I hit an interesting issue with a K8s 1.19.2 running on an IBM Z box, specifically across a pair of Ubuntu containers which were then running on an IBM Secure Service Container (SSC) LPAR on a Z box in IBM's cloud.
One of my colleagues had just upgraded the SSC software on that particular LPAR, known as Hosting Appliance, and I was performing some post-upgrade checks.
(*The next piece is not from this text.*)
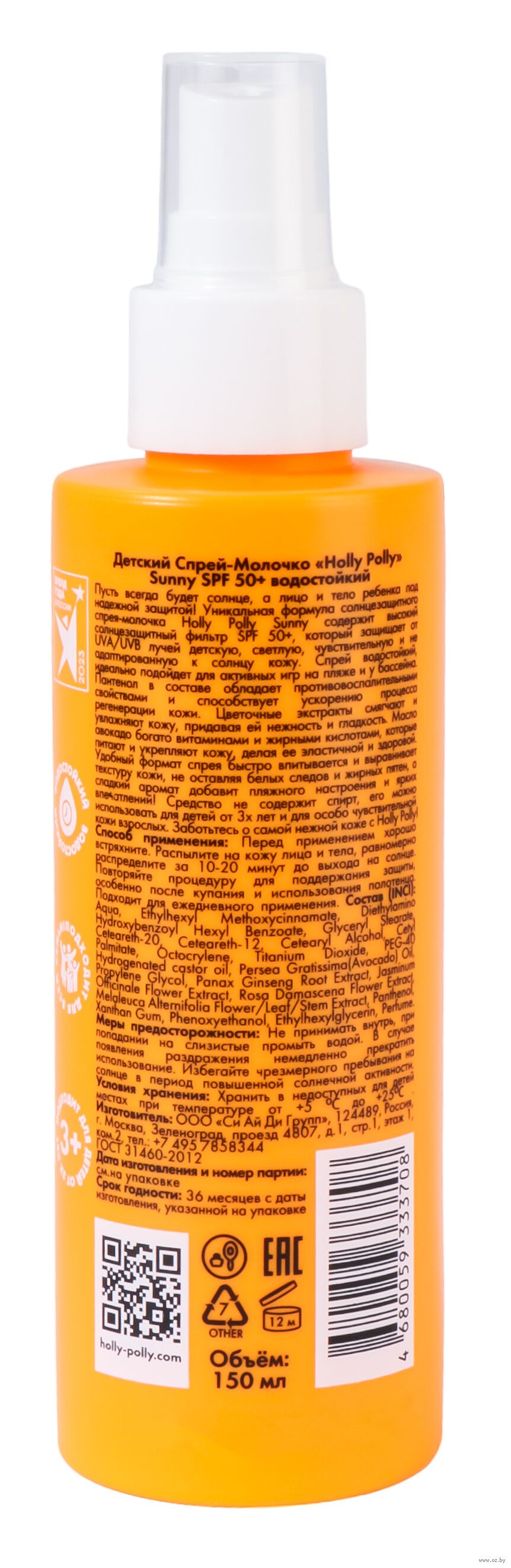 Уникальная формула солнцезащитного спрея "Holly Polly Sunny" содержит высокий солнцезащитный фильтр SPF 50+, который защищает от UVA/UVB лучей, неблагоприятных факторов окружающей среды, борется с фотостарением и появлением пигментных пятен.

Having set the KUBECONFIG variable: -
export KUBECONFIG=~/davehay_k8s.conf
I checked the running pods: -
kubectl get pods --all-namespaces
NAMESPACE NAME READY STATUS RESTARTS AGE
default hello-world-nginx-74bbbf57b4-8kzpb 0/1 Error 0 25d
default hello-world-nginx-deploy-to-cluster-dc8x2-pod-8fqzm 0/8 Completed 0 25d
default hello-world-nginx-source-to-image-b2t7r-pod-l8mmm 0/2 Completed 0 25d
kube-system coredns-f9fd979d6-tbp67 0/1 Error 0 26d
kube-system coredns-f9fd979d6-v9thn 0/1 Error 0 26d
kube-system etcd-b23976de6423 1/1 Running 1 26d
kube-system kube-apiserver-b23976de6423 1/1 Running 1 26d
kube-system kube-controller-manager-b23976de6423 1/1 Running 1 26d
kube-system kube-proxy-cq5sg 1/1 Running 1 26d
kube-system kube-proxy-qfg6v 1/1 Running 1 26d
kube-system kube-scheduler-b23976de6423 1/1 Running 1 26d
tekton-pipelines tekton-pipelines-controller-587569588b-jv6hc 0/1 Error 0 25d
tekton-pipelines tekton-pipelines-webhook-655cf7f8bb-nhlld 0/1 Error 0 25d
and noticed that four pods, including the Tekton Pipelines components were all in Error.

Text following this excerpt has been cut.